Exactly as they appear, retype the lines from the one containing "面对齐膝深的积水,他们没有犹" through the final line of the data below. Leave pictures out.
+++
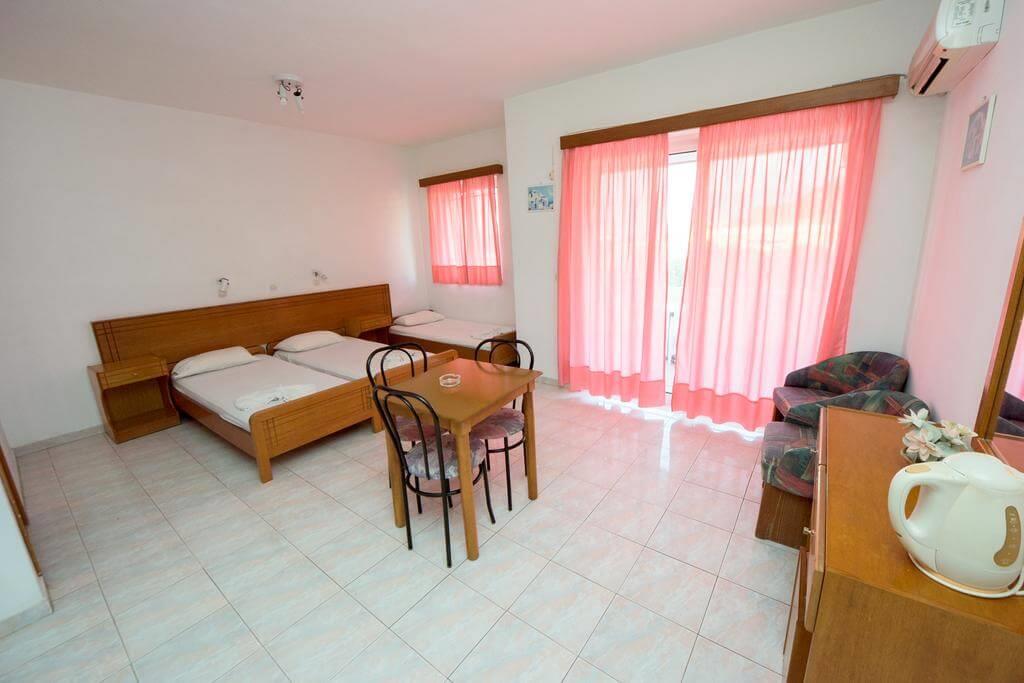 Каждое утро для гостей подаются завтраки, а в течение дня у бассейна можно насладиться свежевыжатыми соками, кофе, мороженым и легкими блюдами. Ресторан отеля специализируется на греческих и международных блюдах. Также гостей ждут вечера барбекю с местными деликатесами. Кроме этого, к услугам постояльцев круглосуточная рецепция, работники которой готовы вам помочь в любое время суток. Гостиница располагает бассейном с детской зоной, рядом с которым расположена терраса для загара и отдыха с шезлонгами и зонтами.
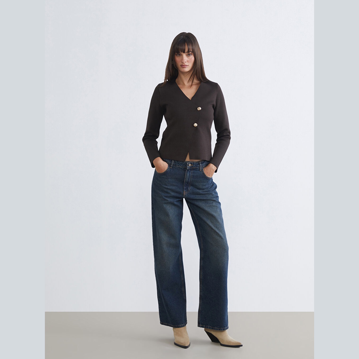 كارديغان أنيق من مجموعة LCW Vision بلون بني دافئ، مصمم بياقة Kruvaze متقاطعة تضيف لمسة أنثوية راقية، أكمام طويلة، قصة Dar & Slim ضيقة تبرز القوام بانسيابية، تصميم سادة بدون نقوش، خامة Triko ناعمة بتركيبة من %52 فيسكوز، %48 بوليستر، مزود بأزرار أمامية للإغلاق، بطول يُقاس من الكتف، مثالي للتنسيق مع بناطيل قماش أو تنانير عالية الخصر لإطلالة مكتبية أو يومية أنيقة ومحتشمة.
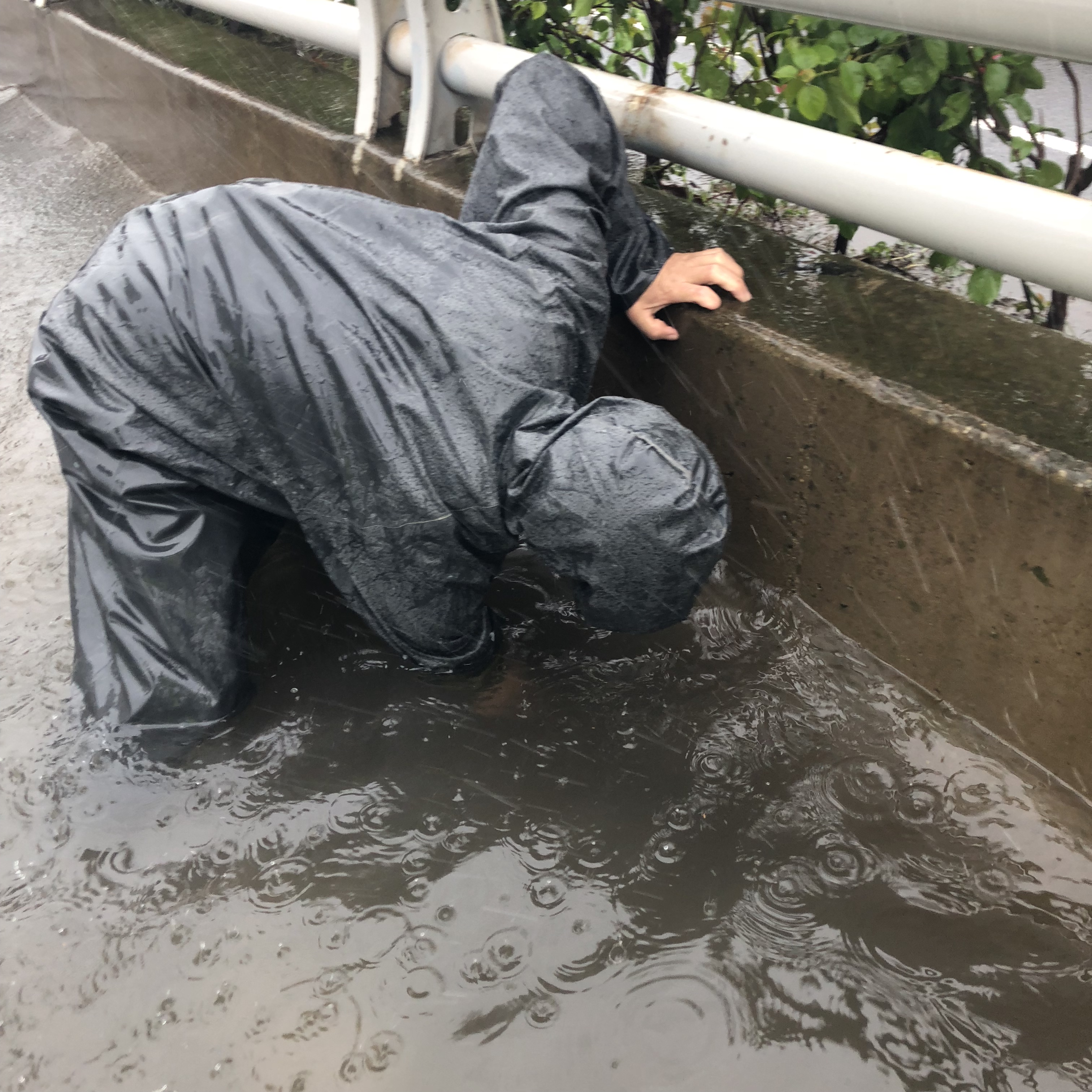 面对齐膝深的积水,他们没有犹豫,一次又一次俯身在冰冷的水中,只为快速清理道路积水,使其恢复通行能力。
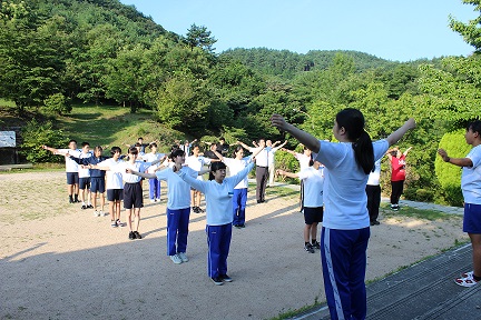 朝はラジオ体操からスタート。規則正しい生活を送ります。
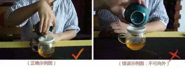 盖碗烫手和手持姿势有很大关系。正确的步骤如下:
+++
§ **Solved exercise**:
 面对齐膝深的积水,他们没有犹豫,一次又一次俯身在冰冷的水中,只为快速清理道路积水,使其恢复通行能力。
 朝はラジオ体操からスタート。規則正しい生活を送ります。
 盖碗烫手和手持姿势有很大关系。正确的步骤如下:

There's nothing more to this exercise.